Single-agent LLM calls hit limits quickly:
- Context window overflow — one agent can't hold a 200-page report and write a summary simultaneously
- Quality degradation — researching AND writing AND fact-checking in one prompt produces mediocre results
- No parallelism — agents can run simultaneously; sequential prompts cannot
- Hard to debug — when one big prompt fails, you don't know which step broke
Core Architecture Patterns
1. Orchestrator → Workers
Orchestrator
├── Research Agent → gathers data
├── Analysis Agent → interprets data
└── Writer Agent → produces output
2. Pipeline (Sequential)
Input → Researcher → Drafter → Editor → Output
3. Parallel Fan-Out
┌─ Agent A ─┐
Input ───┤─ Agent B ─├─── Merger ── Output
└─ Agent C ─┘
Simple Two-Agent Pipeline
import anthropic
client = anthropic.Anthropic()
def researcher(topic: str) -> str:
response = client.messages.create(
model="claude-sonnet-4-6",
max_tokens=1024,
system="You are a technical researcher. Return 5-7 concise bullet points.",
messages=[{"role": "user", "content": f"Research topic: {topic}"}],
)
return response.content[0].text
def writer(topic: str, research: str) -> str:
response = client.messages.create(
model="claude-sonnet-4-6",
max_tokens=2048,
system="You are a technical writer for developers.

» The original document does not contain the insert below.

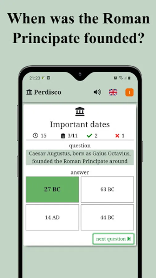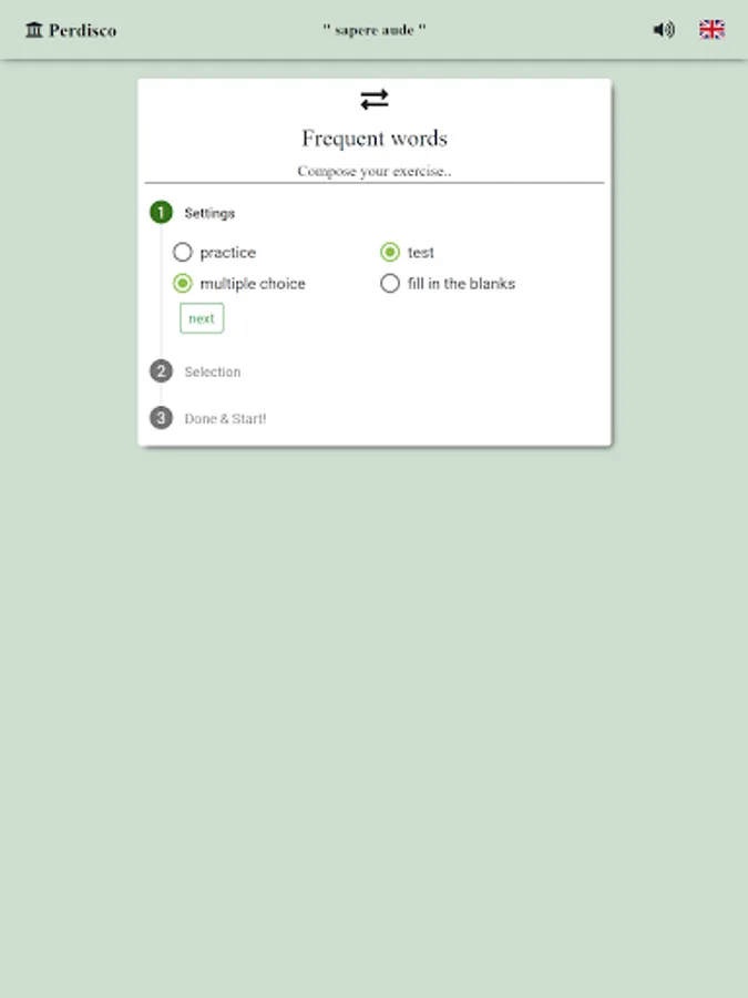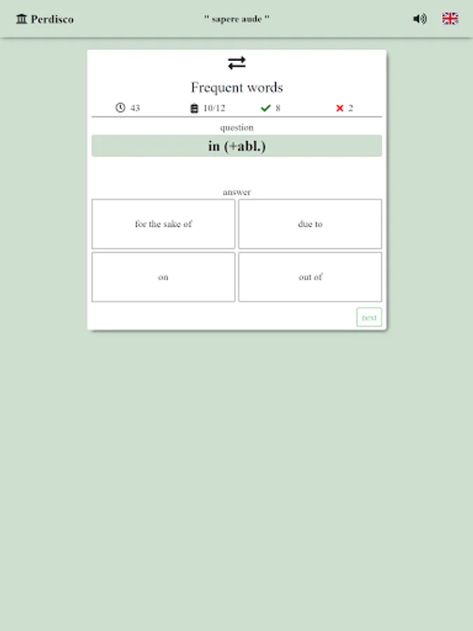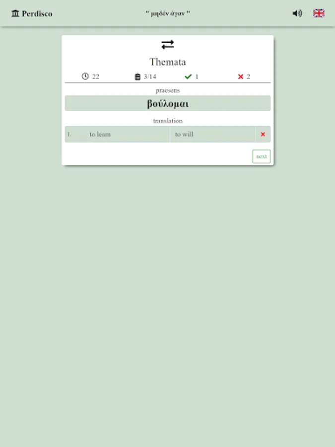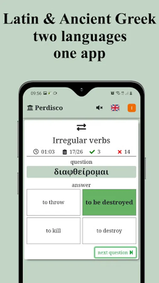 Practice and test yourself in a fun and fast way and become a master in the classical languages, Ancient Latin and Greek. Time to amaze yourself, friends and family with your new skills. Let’s go!

Write clear, practical prose.",
messages=[{
"role": "user",
"content": f"Topic: {topic}\n\nResearch:\n{research}\n\nWrite a 3-paragraph explanation.",
}],
)
return response.content[0].text
topic = "how transformer attention mechanisms work"
facts = researcher(topic)
article = writer(topic, facts)
print(article)
Orchestrator Pattern
import anthropic
from dataclasses import dataclass
@dataclass
class AgentResult:
agent: str
output: str
client = anthropic.Anthropic()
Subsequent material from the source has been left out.